(Source material Opens)

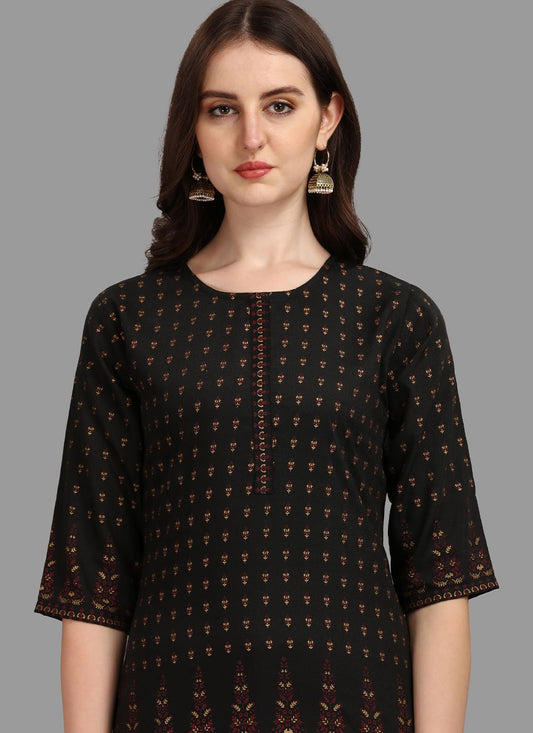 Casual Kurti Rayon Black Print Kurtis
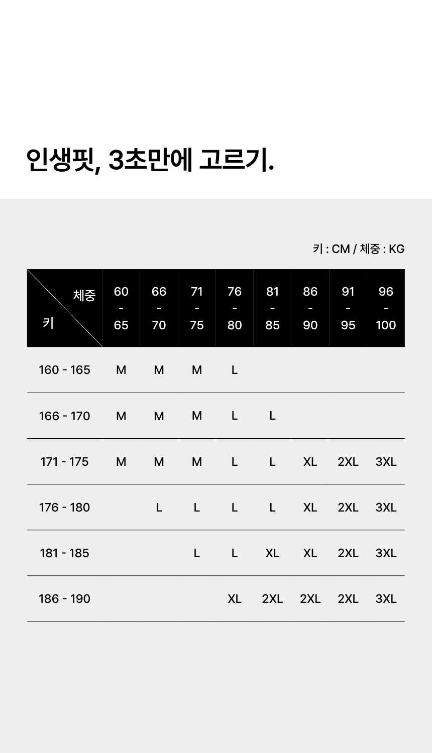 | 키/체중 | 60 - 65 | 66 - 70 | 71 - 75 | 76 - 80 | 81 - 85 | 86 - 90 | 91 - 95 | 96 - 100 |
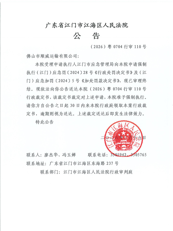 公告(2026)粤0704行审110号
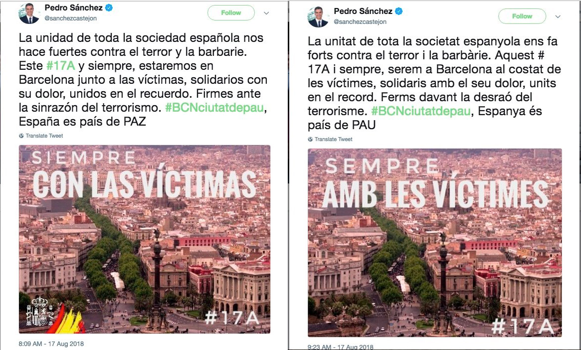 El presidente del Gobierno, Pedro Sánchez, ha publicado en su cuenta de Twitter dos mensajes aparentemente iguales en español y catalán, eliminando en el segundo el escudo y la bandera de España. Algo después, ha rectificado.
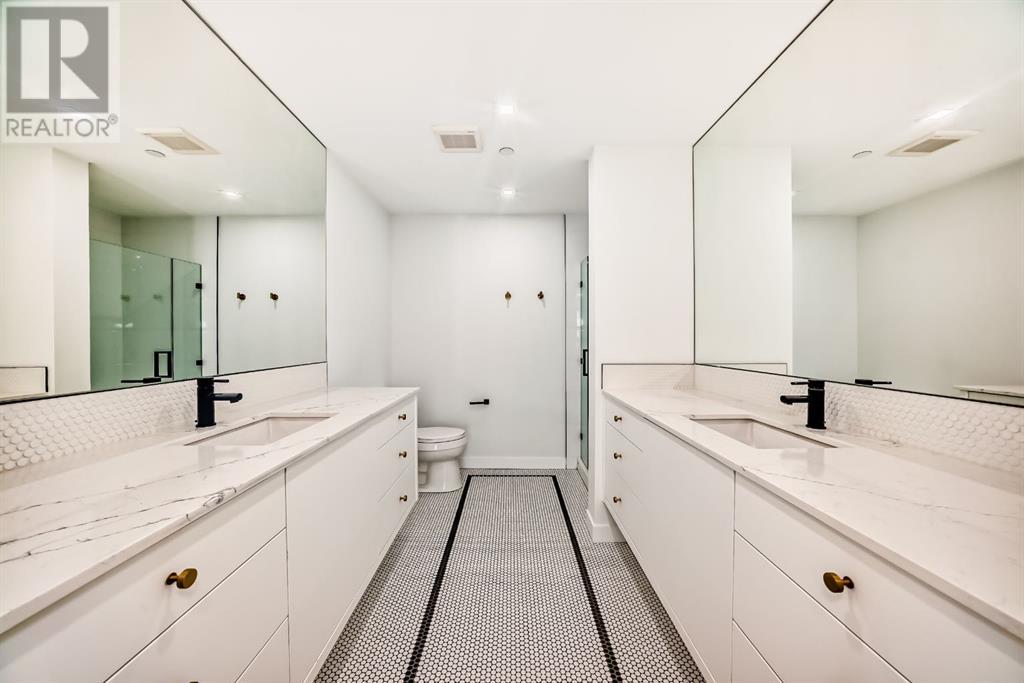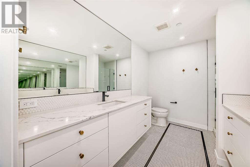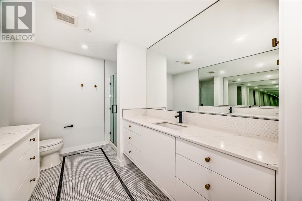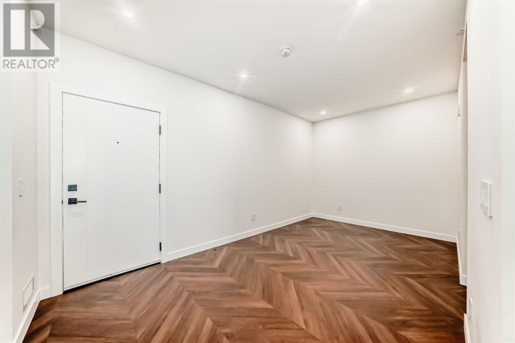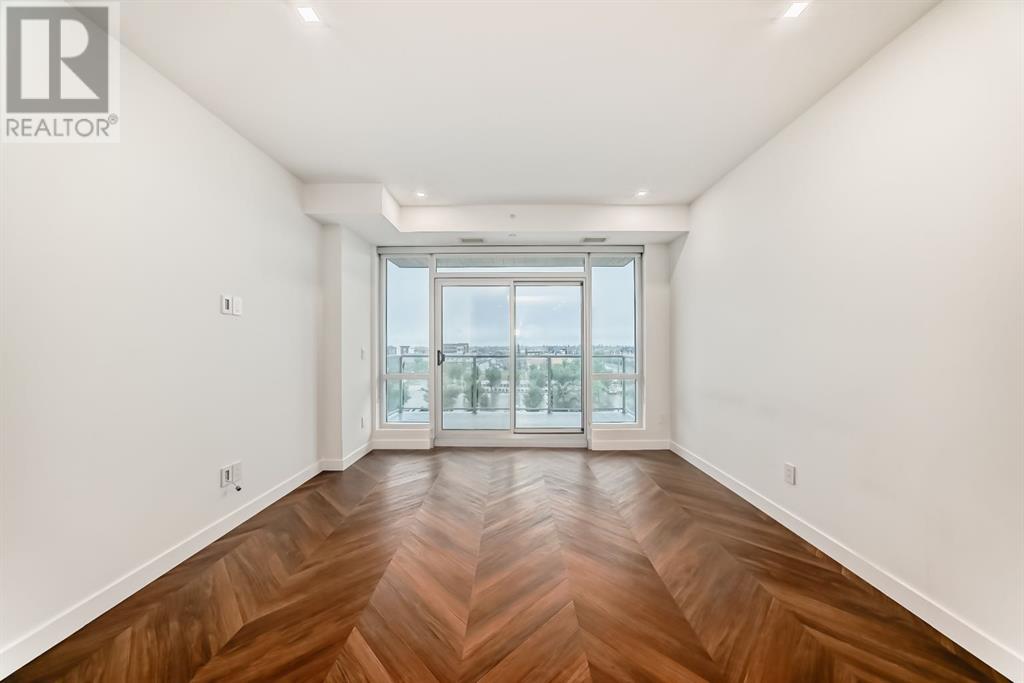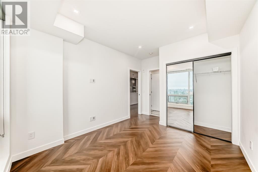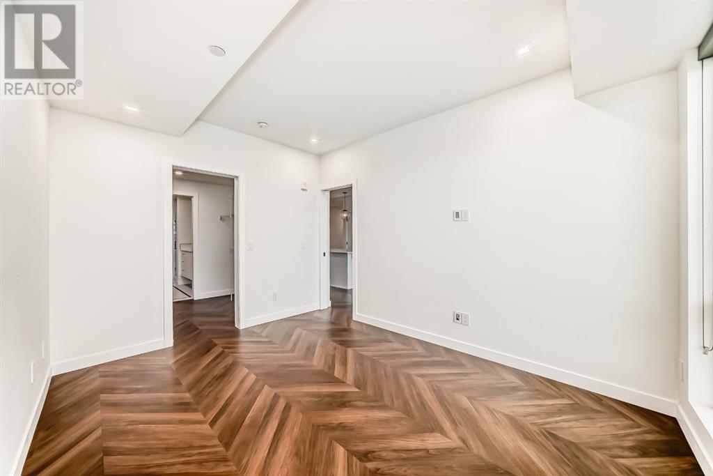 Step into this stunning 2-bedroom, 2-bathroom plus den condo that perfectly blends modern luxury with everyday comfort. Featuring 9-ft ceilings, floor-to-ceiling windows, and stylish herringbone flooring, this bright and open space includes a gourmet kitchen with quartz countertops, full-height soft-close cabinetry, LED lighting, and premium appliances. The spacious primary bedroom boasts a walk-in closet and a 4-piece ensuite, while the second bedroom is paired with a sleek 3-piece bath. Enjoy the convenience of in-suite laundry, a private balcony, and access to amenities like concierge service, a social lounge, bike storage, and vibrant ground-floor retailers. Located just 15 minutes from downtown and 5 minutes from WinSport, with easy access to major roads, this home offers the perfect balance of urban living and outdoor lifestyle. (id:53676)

(Source material Closes)

[Task details] Could you please write out exactly the lines from the start of the entries above through the line that holds "El presidente del", both included, with no pictures?

[Task response]
 Casual Kurti Rayon Black Print Kurtis
 | 키/체중 | 60 - 65 | 66 - 70 | 71 - 75 | 76 - 80 | 81 - 85 | 86 - 90 | 91 - 95 | 96 - 100 |
 公告(2026)粤0704行审110号
 El presidente del Gobierno, Pedro Sánchez, ha publicado en su cuenta de Twitter dos mensajes aparentemente iguales en español y catalán, eliminando en el segundo el escudo y la bandera de España. Algo después, ha rectificado.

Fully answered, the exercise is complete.